Investissements

Avec un investissement moyen d'environ 4.600 euros par salarié (2004), le secteur des industries graphiques en Bourgogne se place en onzième position des régions françaises. Sur la dernière décennie (1994-2004), ce classement a très fortement fluctué et ne semble pas relever d’un mouvement ordonné (la région se positionne, selon les années, entre la troisième et la seizième places). On note en Bourgogne un pic d'investissement en 2000-2001, qui se retrouve dans d’autres secteurs (équipements du foyer, automobile, équipements mécaniques, habillement, équipements électriques et électroniques).

La conjoncture très favorable de cette période explique sans doute ce pic d'investissements, notamment dans l'imprimerie, dopée par la demande en communication, packaging et publicité. Cependant la Bourgogne se retrouve en 2000 au 16e rang des régions pour l’investissement par salarié : paradoxalement, c’est la région dont l’effort d’investissement est le plus important par rapport au niveau de 1999. Le niveau d’investissement, après cette période d’équipement et de modernisation, est revenu en 2003 au niveau de 1999. L'année 2004 marque un bon rebond de l'investissement des imprimeurs en Bourgogne , qui augmente de plus de 25 %.

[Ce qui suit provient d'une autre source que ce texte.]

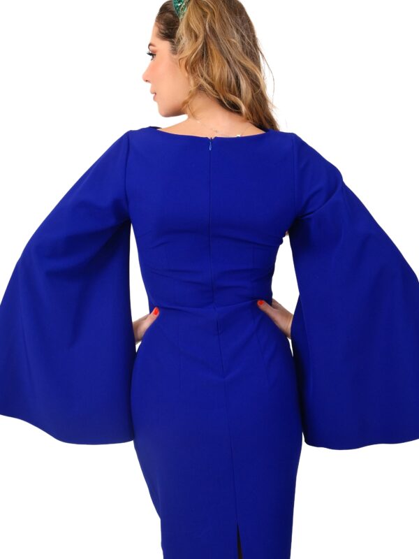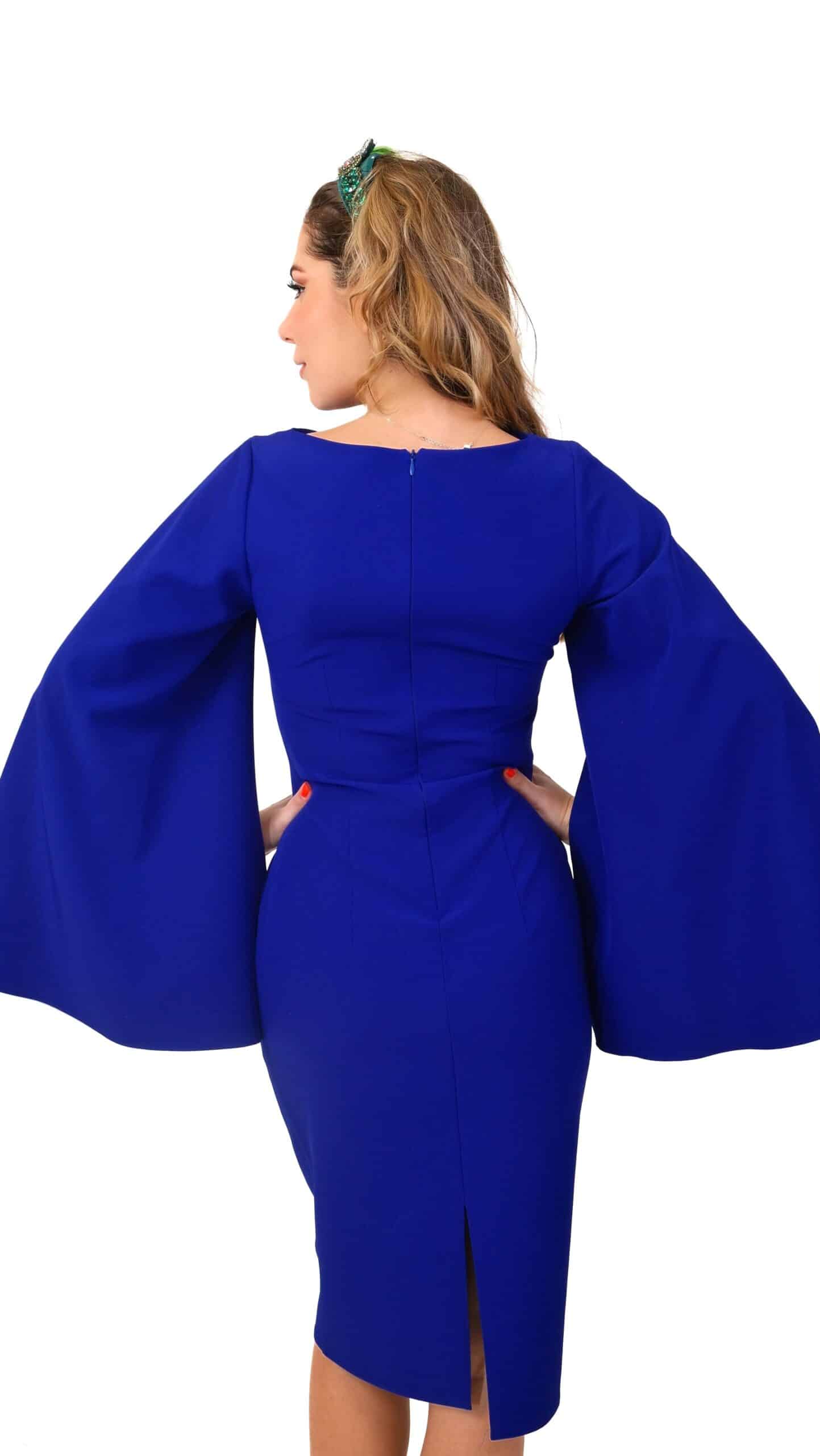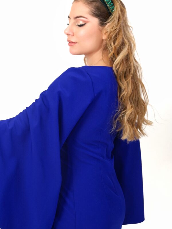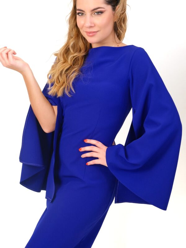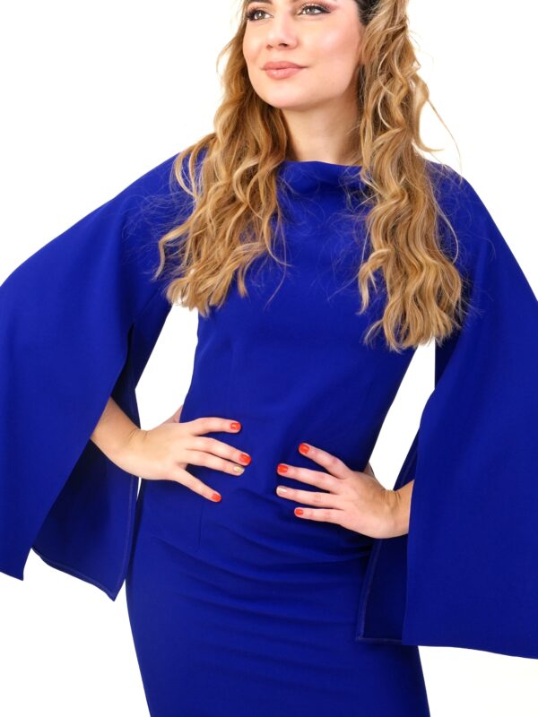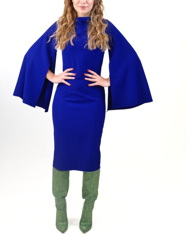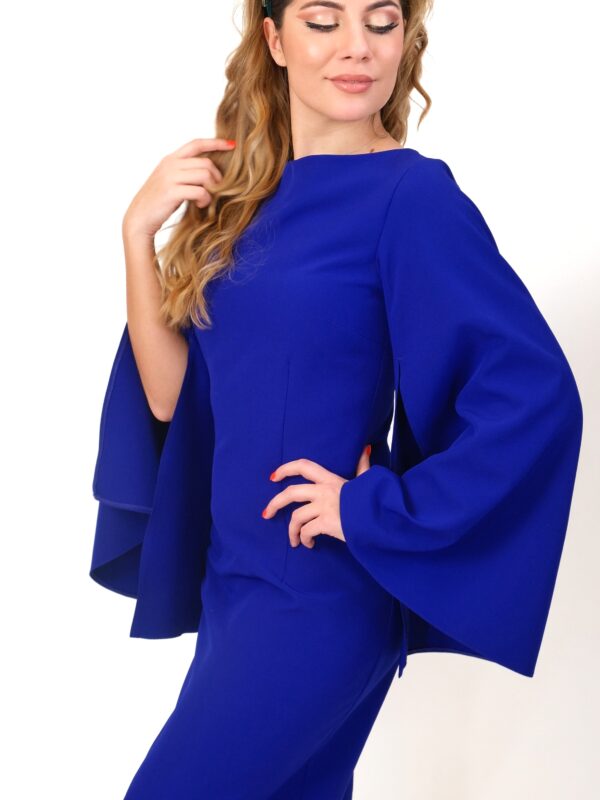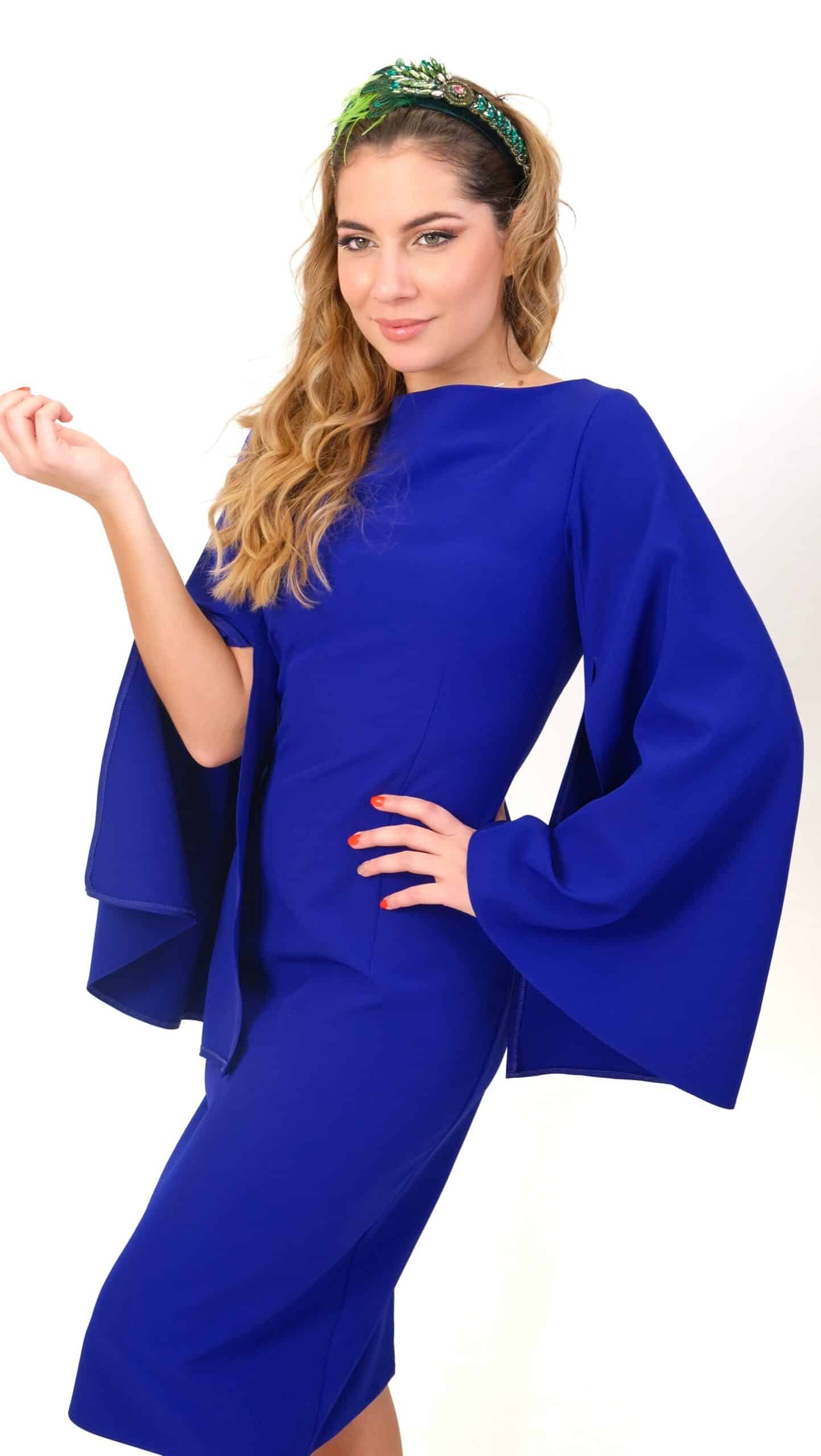 Šaty sú navrhnuté v jednoduchom áčkovom strihu, ktorý skvele sadne na každú postavu. Šaty sú ušité s dlhými rozstrihnutými rukávmi, ktoré im dodávajú na elegancii a oživujú inač jednoduchý strih. Pri jednoduchom strihu si môžete dovoliť výraznejšie doplnky. Skombinujte ako naša stylistka s nápadnou zelenou alebo kontrastnou cyklámenovou .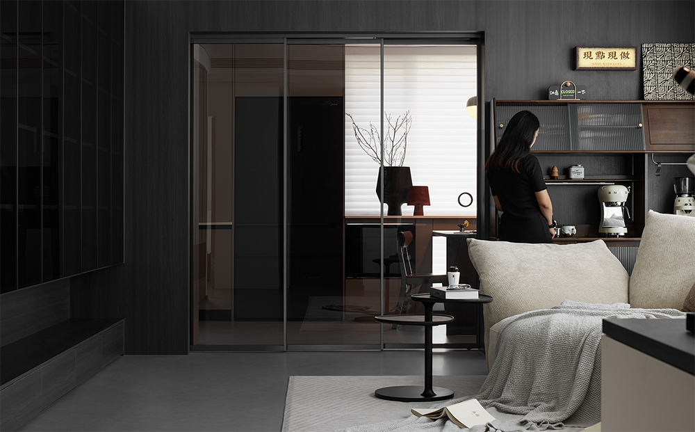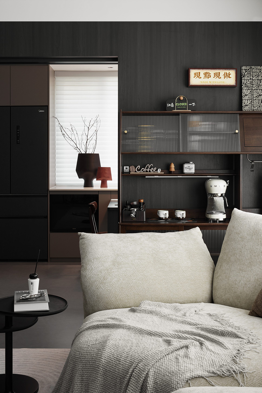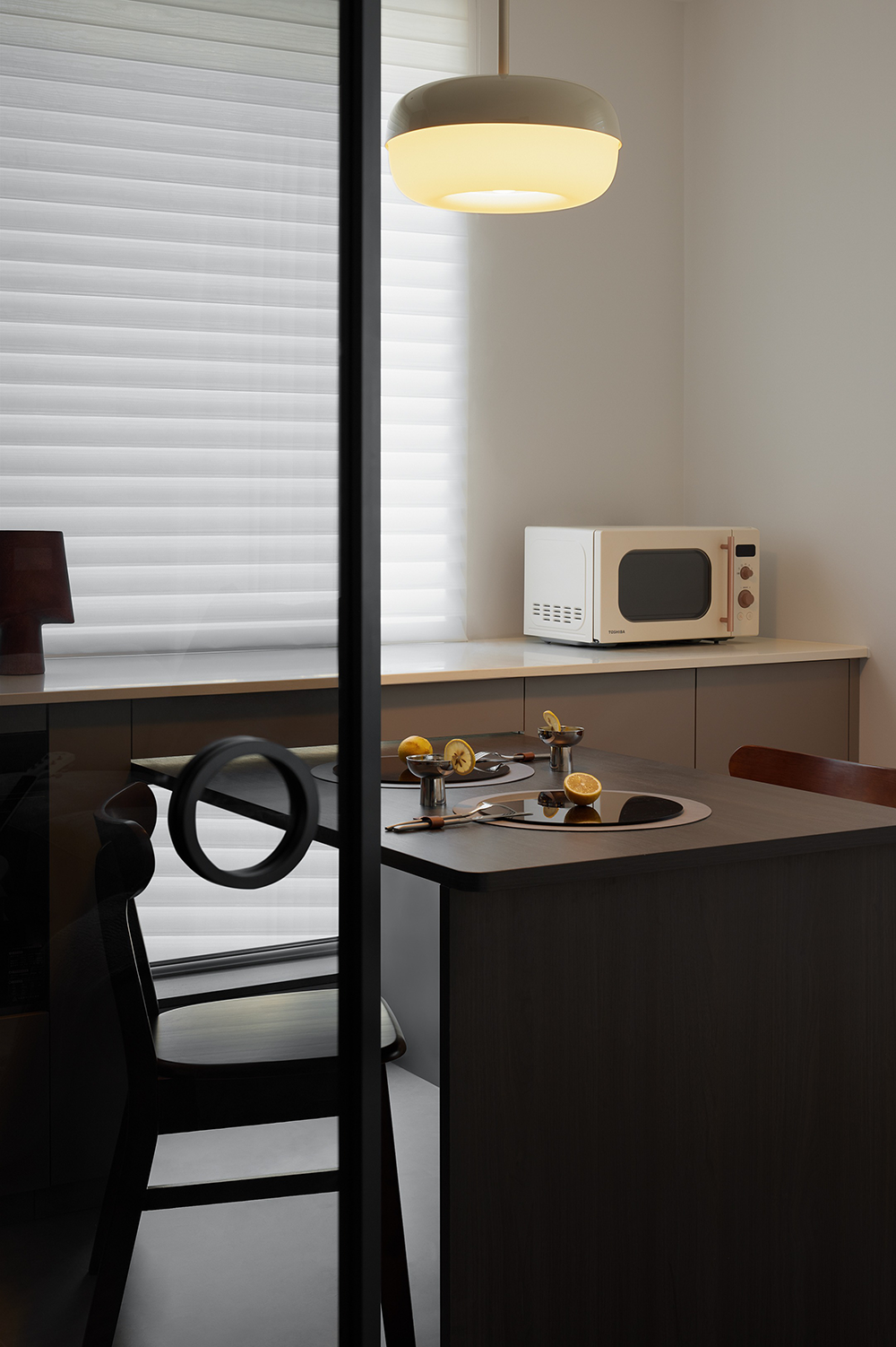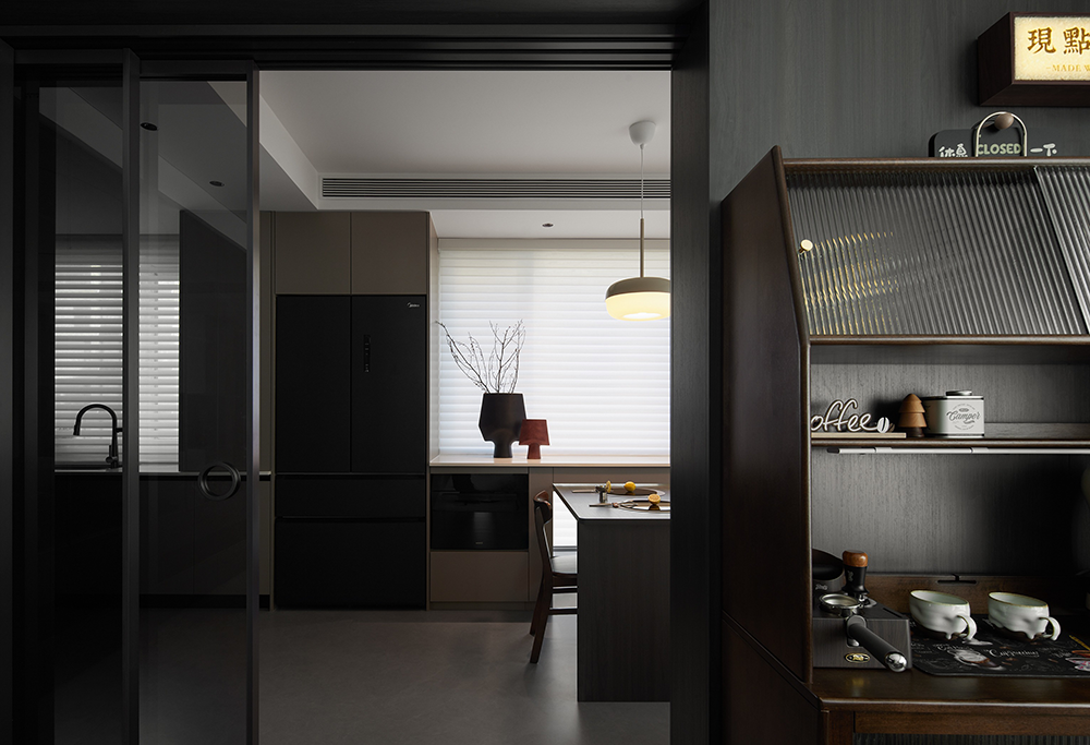 三联动的玻璃门巧妙地分割了客厅空间跟餐厅空间,嵌入式的岛台节省了餐厅空间,搭配开放式的厨房,餐厅和厨房的利用空间大大增加。

Ce secteur est très capitalistique et demande, pour maintenir un bon niveau de rentabilité et de valeur ajoutée, des investissements élevés et réguliers. La diminution des investissements constatée depuis 2000 découle d’une diminution de la rentabilité des investissements sur des marchés très concurrentiels où les marges sont en perpétuelle diminution. Seules les plus grosses unités ont la possibilité, par effet de volume, de conserver une capacité d’investissement importante, qui sera cruciale en cas de retournement de la conjoncture. Néanmoins, compte-tenu de l'évolution des métiers de l'imprimerie, il n'est plus pertinent de ne raisonner qu'en volume d'investissements pour mesurer la santé du secteur. La "culture d'outil de production" (cf. partie sur les forces et faiblesses) largement répandue dans ce secteur de l'industrie doit céder le pas progressivement à une culture du service et de la force commerciale.